When I met him, he was about 40 years old. He had just divorced and was still trying to adapt to a lifestyle he had neither chosen nor ever thought of. No matter how hard he tried to hide it, behind the jokes, behind the laughter, behind the strolls we took, spending time with friends, the songs, he was drowning in sadness.
He had to learn to live away from his children. Waking up in the morning without hearing their voices, without preparing breakfast for them. To return home in the afternoon and not read with them. To go to sleep at night without having kissed them good night, without tucking them in.
And he couldn't stand it, because what he liked most about his life was being a father. He loves his children deeply. From the time they were babies, he took care of them, he taught them everything a son and a daughter could learn from a caring father.
Because he was not one of those dads who, when he is at home, wants peace and quiet so he can relax in front of the TV or the computer, or who think that raising children is the mother's business and thus do not know how to feed an infant, how to change a diaper, or even how to play with a child. He knew all this and was doing it consistently. And that's what hurt him the most now. How would he learn to live without daily contact with his children?
He found it very unfair to see them only every other weekend and every Wednesday, when he longed not to miss a single important moment in their lives.
He rented a house and started fixing up the space for his children. He bought desks and beds, paintings, and curtains and decorated the rooms with their favorite colors. He made his house warm, happy. He filled it with toys and musical instruments. And he would bring his children on the weekends to share music and movies, games, conversations and dreams.

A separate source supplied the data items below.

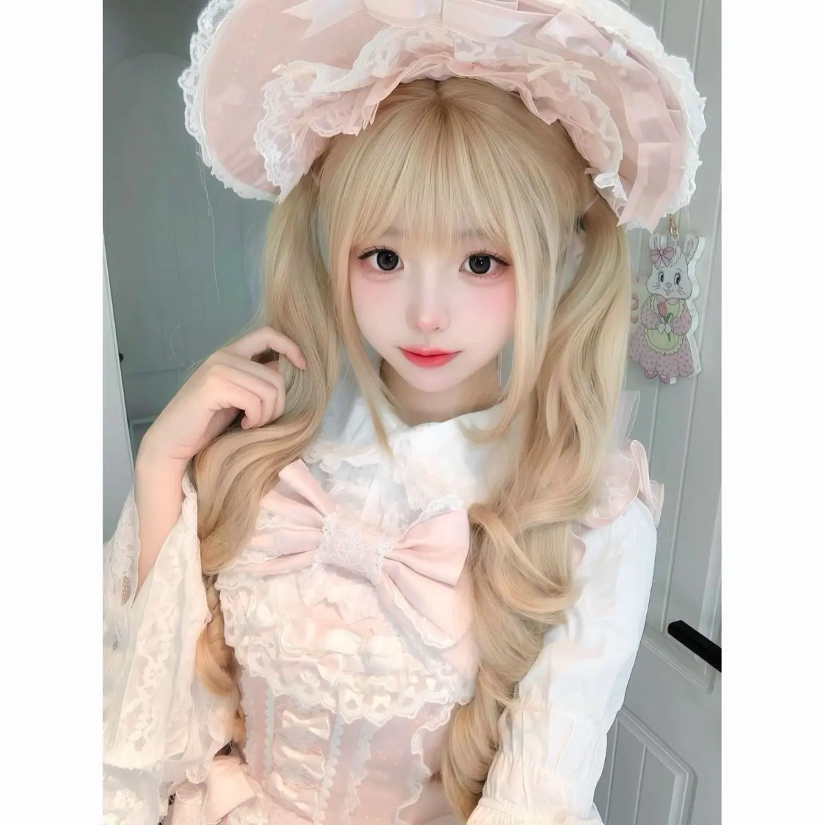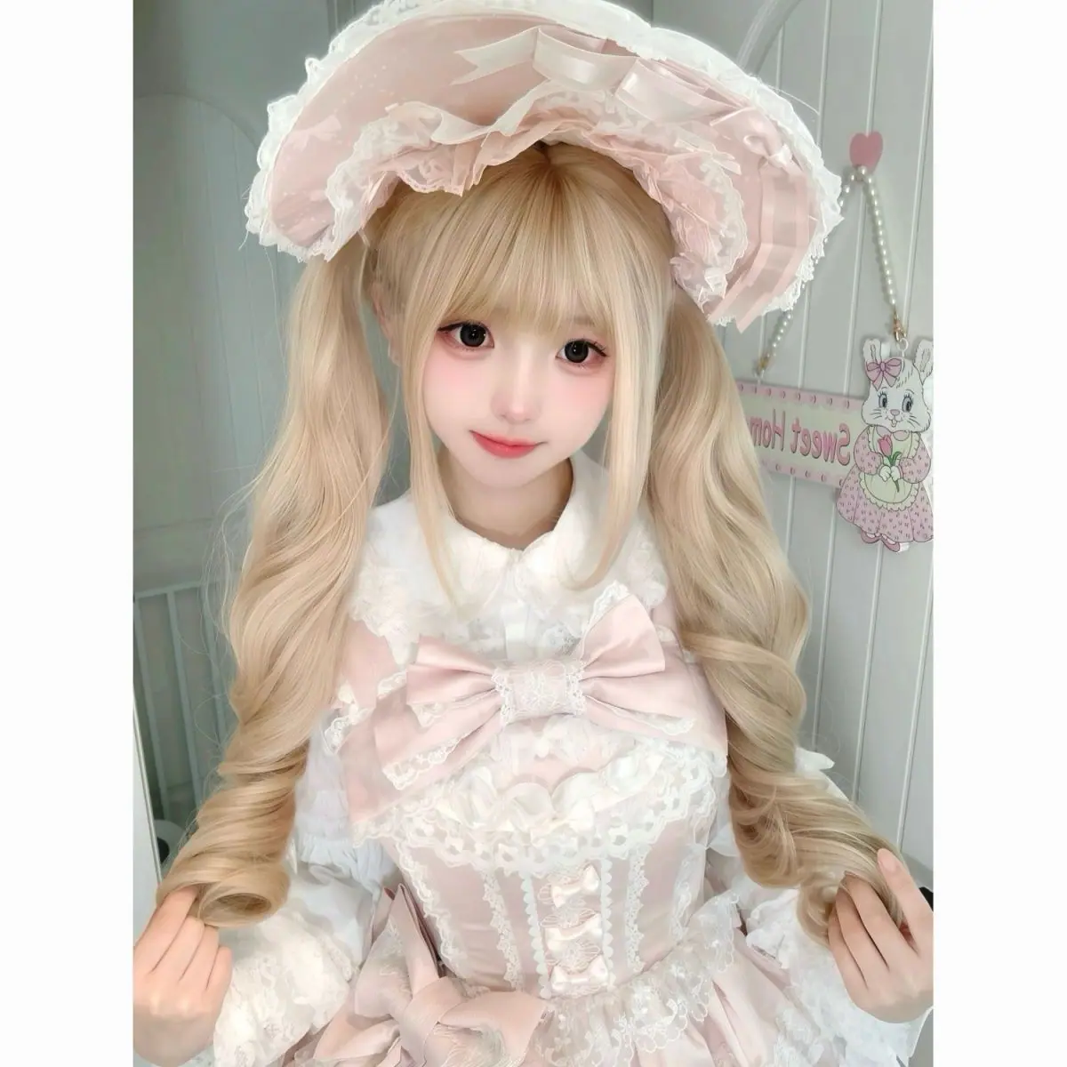 Peluca Femenina Cobertura Completa Shaluo Blanco Natural Dorado Doble Cola de Caballo con Flequillo Nueva Moda Rizos Romanos Peluca Completa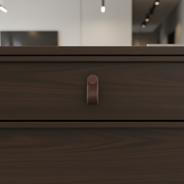 Elegantní kožená knopka CASE v hnědém provedení je stylovým doplňkem pro každý typ nábytku. Kombinuje pravou kůži s kvalitním kovovým prvkem a výrazným dekoračním prošíváním, které podtrhuje její řemeslný charakter. Díky měkkému ohybu kůže poskytuje pohodlný úchop a zároveň působí esteticky a nadčasově.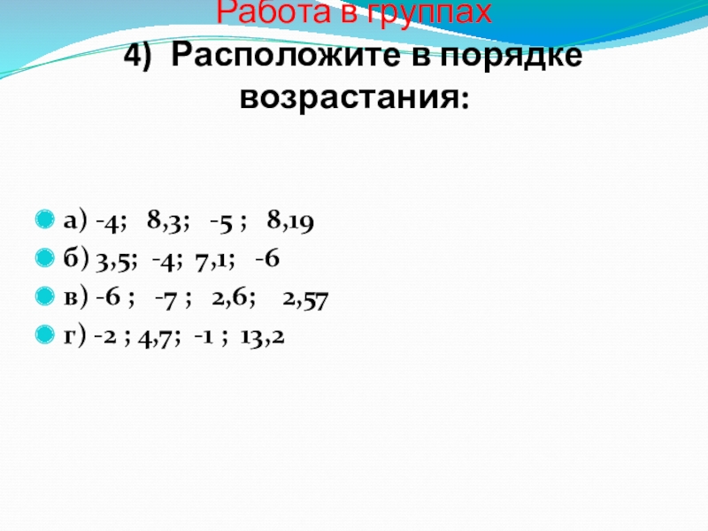 Слайд 11 Работа в группах 4) Расположите в порядке возрастания: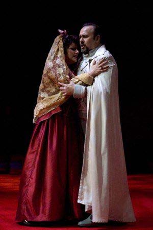 Du côté des solistes, la distribution réunie s'avère bien homogène même si quelques voix émergent. Parmi les principaux rôles, le ténor Pablo Cameselle (Abate) convainc plus vocalement que scéniquement. Si la voix est bien posée, cet abbé coureur de jupons reste bien en-deçà de la caricature qu'on attend de ce personnage comique. Personnage central de l'intrigue, le baryton Federico Gallar (El capitan Penaranda) déçoit quelque peu avec une voix sans grandes couleurs. Renversant en revanche, Rubèn Amoretti (El general, El del pecado mortal) qui, du fond de la scène, envahit le théâtre de son impressionnante voix de basse. En psalmodiant en puissance la conscience des assassins en état de péché mortel, son cri n'est pas sans rappeler l'entrée du Grand Inquisiteur dans le Don Carlo de Verdi. Mais c'est du côté féminin que l'auditoire va trouver son réel plaisir. La mezzo Mariselle Martinez (Principessa de Luzàn) assez discrète dans ses premières interventions éclate en un chant magnifique dès les premiers instants du second acte. Son Ce saint scapulaire révèle une voix chaude secondée d'une magnifique ligne de chant. De son côté, la soprano Mariola Cantarero (Dona Pepita) semble ne devoir se dévoiler aussi dans les derniers moments de l'œuvre. Il est vrai que le duo des deux rivales (ce qu'on vient de comprendre) du troisième acte est envoyé avec une fougue extraordinaire. Un duo enflammé qui fait penser à ce que Donizetti proposait dans son Anna Bolena créé en 1830, quelque trente ans avant la première représentation de ce Pan y Toros.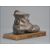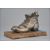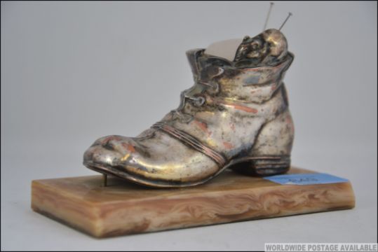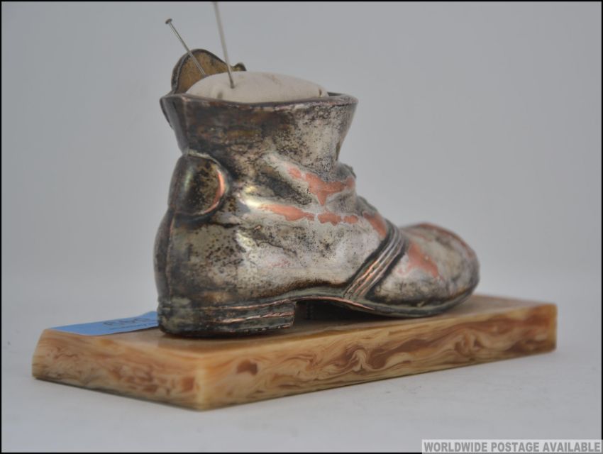 A silver plated pin cushion in the form of a boot with a mouse on the edge being raised on a caramel marbled base. measures 14cm wide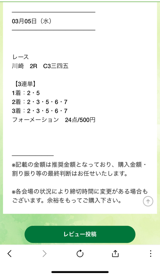 馬券代は1点ワンコインとお財布に優しく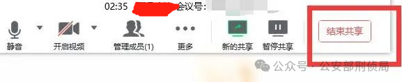 点击“结束共享”“退出共享”等字样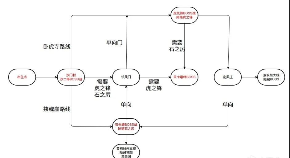 《黑神话悟空》中第二张的地图为黄风岭,在黄风岭中有着不少隐藏支线和可收集物品,下面请看由“鲤鱼讲故事”为大家带来的《黑神话悟空》第二章黄风岭全收集攻略,希望可以帮助到大家。 流程图红色的是必打BOSS。这关绕主要是因为分成了两条路线,并且两个都能一路走到最终BOSS。 我们还是按照每两个土地庙之间的路程分段,方便查漏补缺。按照获得的先后顺序来排收集要素。 出生点-沙门村(村口)相信大家刚出门走两步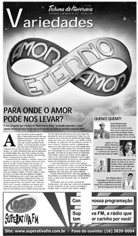A partir do dia 05, próxima segunda-feira, a Globo estreia mais um dos seus folhetins e que tem um título comum – “Amor Eterno Amor” – mas, que promete cair no gosto do público fã das novelas. É em nome das juras de amor que Carlos (Caio Manhente) busca o reencontro com seu amor de infância, a menina Elisa (Júlia Gomes). E é o amor incondicional que move as esperanças de Verbena Borges (Ana Lúcia Torre) à procura de pistas que possam levá-la a seu filho, Rodrigo (Gabriel Braga Nunes), desaparecido há quase 30 anos.

He never spoke badly to the children about their mother, not because he had nothing to say, but because it was more important not to hurt them.
And the days passed. And the one Wednesday a week turned into Thursday and Friday, and Monday, too. The two weekends a month became three and four. His children came and went from his house as often as from their mother's house.
And he never sent them to their mother when the children asked to stay longer with him, even if he had plans to go out.
He never put any relationship above the one with his children, even though he really wanted to rebuild his life. When his daughter asked to come and stay with him, he didn't even think for a moment to refuse so he could have a personal life. Their peace of mind has always been a priority.
Nor did he ever feel limited by the obligations to them, even if they increased as the children grew older. Because he did everything himself, from making their favorite food, to washing their clothes.
It made him happy to have his children near him. To be beside them in their laughter and sorrow, dad, friend, and supporter. To see them spread their wings, to comfort them when they fell, and to push them to fly again.
Because there are such dads, who for their children are both father and mother and whatever else they need, we wish them all a very Happy Father's Day!